WORK INSTRUCTION:
Copy out exactly the stretch of the listing below that begins at the line containing "Visit Proof |" and ends at the line containing "Если хоть раз", and copy nothing outside it.

DATA EXTRACTS:
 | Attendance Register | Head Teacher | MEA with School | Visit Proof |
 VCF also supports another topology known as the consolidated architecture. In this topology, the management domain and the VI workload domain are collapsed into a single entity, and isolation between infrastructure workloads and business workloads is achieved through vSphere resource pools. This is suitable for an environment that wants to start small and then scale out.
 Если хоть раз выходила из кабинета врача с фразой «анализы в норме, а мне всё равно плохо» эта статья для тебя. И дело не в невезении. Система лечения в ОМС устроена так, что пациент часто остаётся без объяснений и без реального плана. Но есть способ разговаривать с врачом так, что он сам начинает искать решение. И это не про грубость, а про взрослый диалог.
---
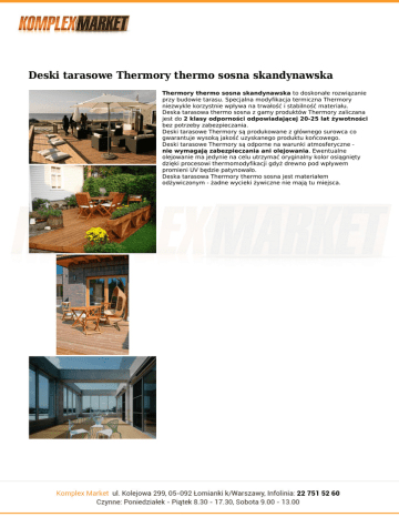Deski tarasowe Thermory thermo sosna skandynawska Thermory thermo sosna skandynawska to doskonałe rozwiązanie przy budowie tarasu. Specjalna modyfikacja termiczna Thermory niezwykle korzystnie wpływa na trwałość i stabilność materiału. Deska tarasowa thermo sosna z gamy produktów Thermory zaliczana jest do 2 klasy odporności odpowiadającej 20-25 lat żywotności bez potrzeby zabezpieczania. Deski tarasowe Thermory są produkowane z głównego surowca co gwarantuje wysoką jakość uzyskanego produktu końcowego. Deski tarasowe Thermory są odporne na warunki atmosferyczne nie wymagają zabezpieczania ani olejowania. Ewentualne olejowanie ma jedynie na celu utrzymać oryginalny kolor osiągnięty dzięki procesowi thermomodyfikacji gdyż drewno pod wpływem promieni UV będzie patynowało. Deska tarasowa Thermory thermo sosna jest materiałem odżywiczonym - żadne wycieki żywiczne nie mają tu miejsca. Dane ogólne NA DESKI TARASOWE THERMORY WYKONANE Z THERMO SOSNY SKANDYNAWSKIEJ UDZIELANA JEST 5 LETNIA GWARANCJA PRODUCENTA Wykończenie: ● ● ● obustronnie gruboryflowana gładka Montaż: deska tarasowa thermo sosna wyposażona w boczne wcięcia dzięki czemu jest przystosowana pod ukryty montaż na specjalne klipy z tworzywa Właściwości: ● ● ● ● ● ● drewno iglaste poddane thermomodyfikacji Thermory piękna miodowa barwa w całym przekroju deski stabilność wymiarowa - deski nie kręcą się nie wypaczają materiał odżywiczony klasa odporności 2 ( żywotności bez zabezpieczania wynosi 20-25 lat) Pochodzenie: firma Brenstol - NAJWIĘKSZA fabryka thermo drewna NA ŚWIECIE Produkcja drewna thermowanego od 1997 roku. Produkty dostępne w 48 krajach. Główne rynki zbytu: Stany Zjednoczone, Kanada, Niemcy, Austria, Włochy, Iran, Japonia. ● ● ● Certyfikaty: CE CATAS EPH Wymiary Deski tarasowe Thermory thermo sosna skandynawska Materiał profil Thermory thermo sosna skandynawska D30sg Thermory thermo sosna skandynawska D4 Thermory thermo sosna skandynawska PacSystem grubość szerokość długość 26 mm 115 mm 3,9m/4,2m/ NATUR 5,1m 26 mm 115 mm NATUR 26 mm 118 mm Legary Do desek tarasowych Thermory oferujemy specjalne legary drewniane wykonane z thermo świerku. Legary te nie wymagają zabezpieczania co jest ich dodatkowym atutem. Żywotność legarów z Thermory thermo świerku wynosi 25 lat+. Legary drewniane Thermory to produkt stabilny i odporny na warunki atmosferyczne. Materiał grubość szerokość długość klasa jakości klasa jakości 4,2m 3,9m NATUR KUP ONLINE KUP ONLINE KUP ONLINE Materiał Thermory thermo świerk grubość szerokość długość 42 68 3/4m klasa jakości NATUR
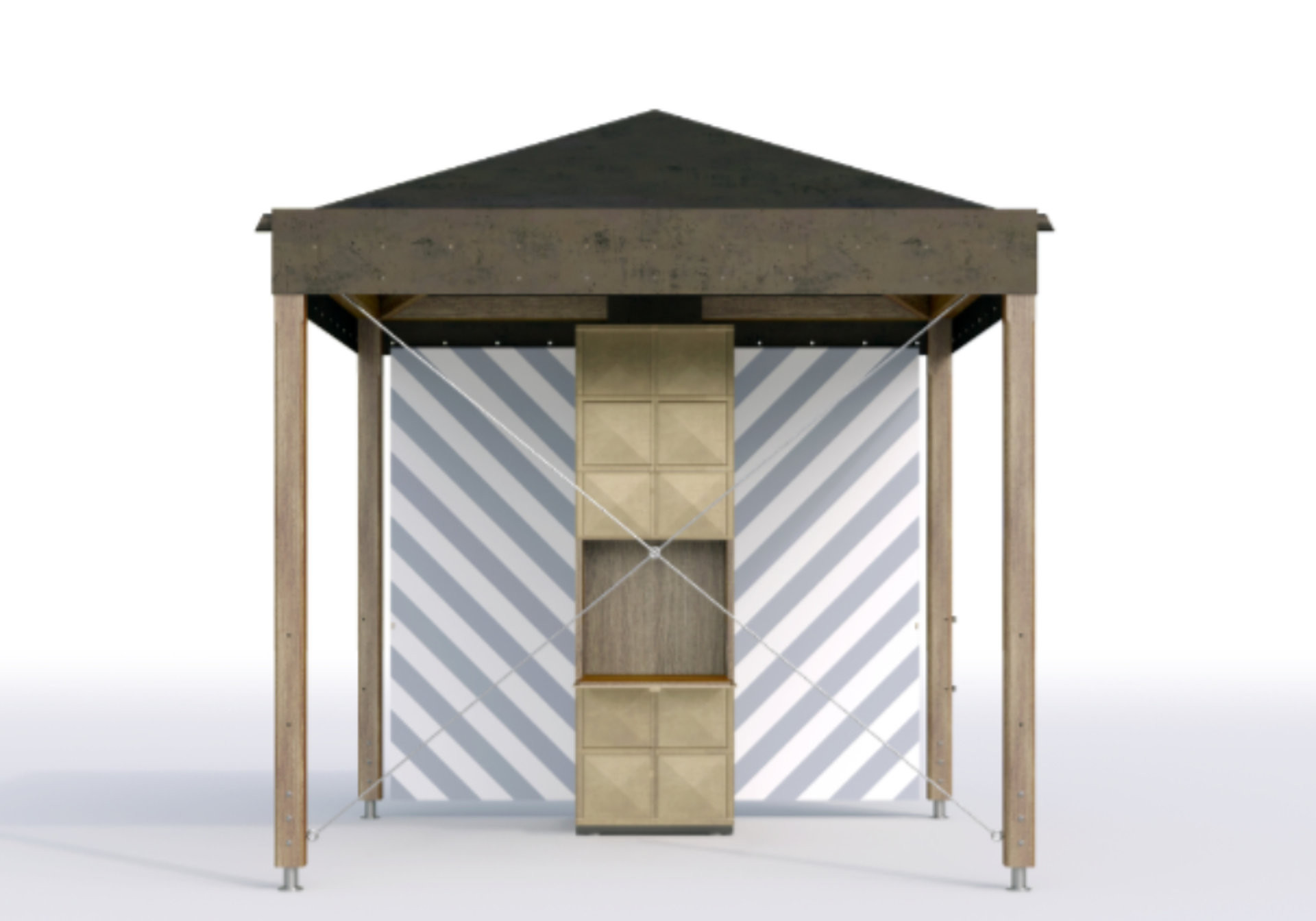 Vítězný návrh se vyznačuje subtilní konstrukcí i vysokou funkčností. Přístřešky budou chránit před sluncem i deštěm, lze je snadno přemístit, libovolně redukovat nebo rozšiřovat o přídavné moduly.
...
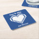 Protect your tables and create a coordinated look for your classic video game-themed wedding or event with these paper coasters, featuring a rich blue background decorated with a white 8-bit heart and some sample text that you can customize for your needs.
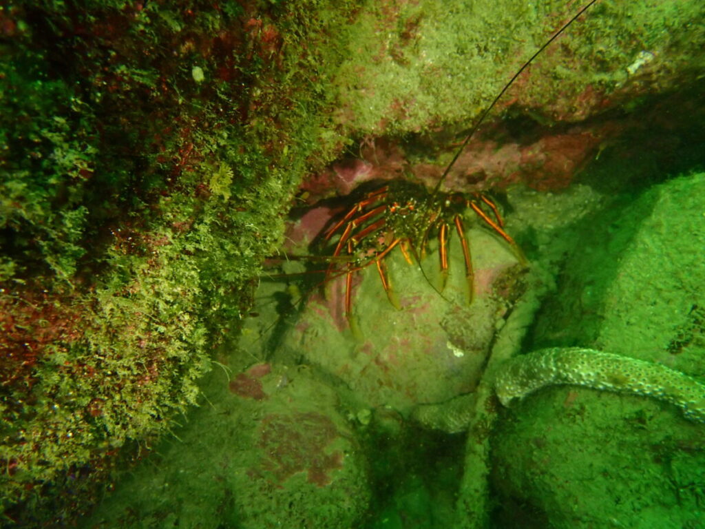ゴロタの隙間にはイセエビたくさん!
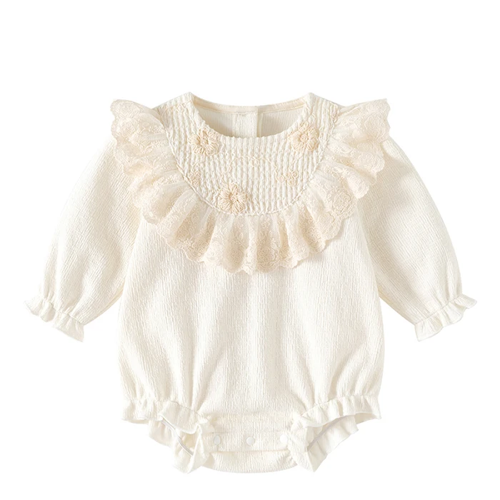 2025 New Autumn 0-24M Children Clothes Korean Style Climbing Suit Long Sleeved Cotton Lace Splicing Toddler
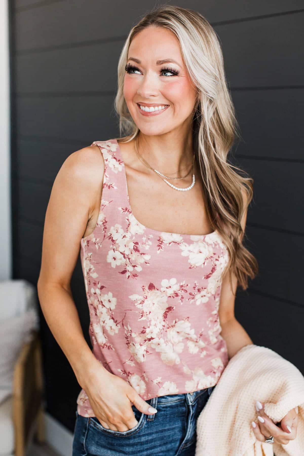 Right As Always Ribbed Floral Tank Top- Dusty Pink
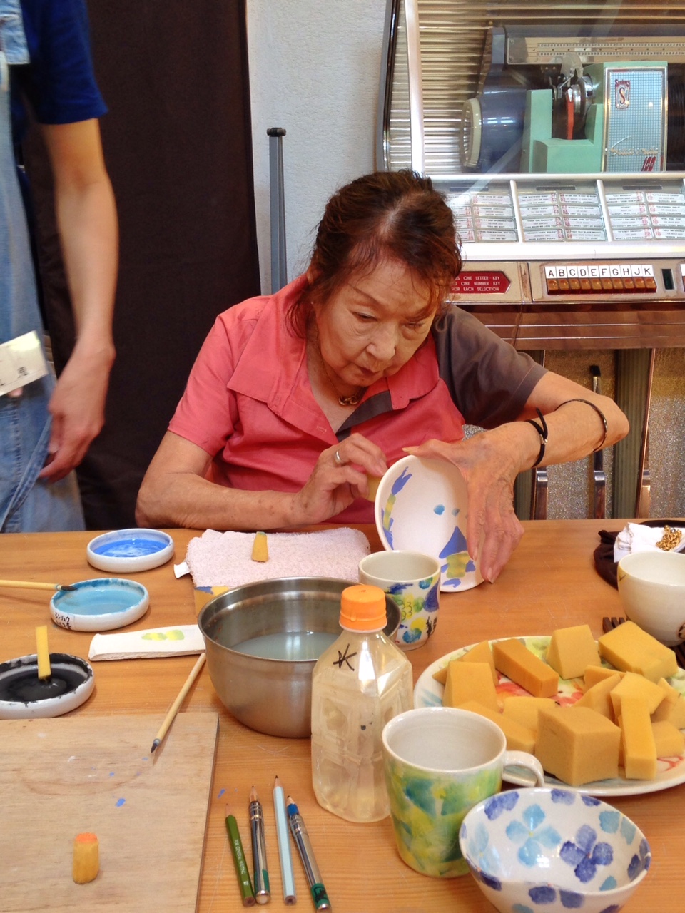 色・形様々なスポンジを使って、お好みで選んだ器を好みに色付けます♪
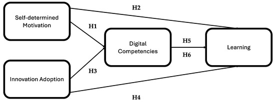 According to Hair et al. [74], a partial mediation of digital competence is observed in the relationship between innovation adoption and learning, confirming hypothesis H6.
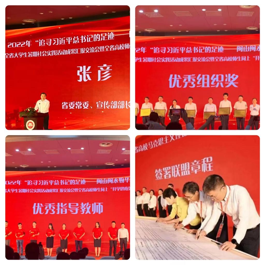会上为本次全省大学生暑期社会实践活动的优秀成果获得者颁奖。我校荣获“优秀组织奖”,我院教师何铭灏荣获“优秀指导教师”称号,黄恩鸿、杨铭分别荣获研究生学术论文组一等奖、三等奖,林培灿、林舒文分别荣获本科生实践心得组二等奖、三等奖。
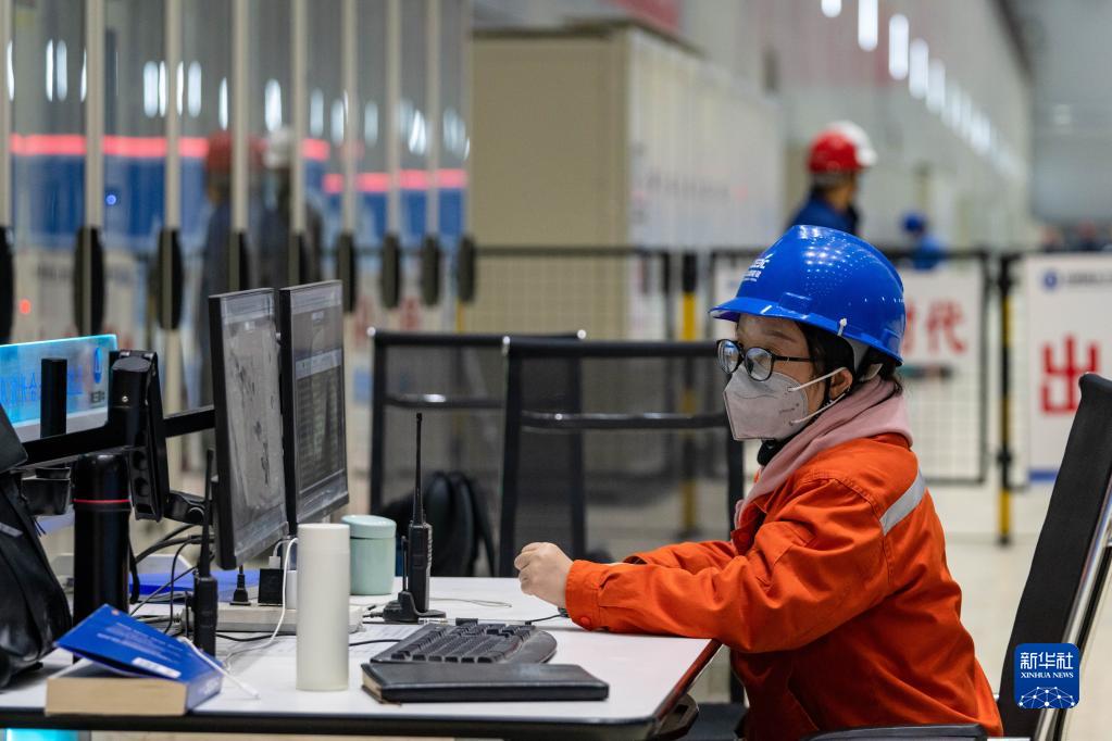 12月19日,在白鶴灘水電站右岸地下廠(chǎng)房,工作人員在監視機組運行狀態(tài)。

FINISHED EXERCISE:
 | Attendance Register | Head Teacher | MEA with School | Visit Proof |
 VCF also supports another topology known as the consolidated architecture. In this topology, the management domain and the VI workload domain are collapsed into a single entity, and isolation between infrastructure workloads and business workloads is achieved through vSphere resource pools. This is suitable for an environment that wants to start small and then scale out.
 Если хоть раз выходила из кабинета врача с фразой «анализы в норме, а мне всё равно плохо» эта статья для тебя. И дело не в невезении. Система лечения в ОМС устроена так, что пациент часто остаётся без объяснений и без реального плана. Но есть способ разговаривать с врачом так, что он сам начинает искать решение. И это не про грубость, а про взрослый диалог.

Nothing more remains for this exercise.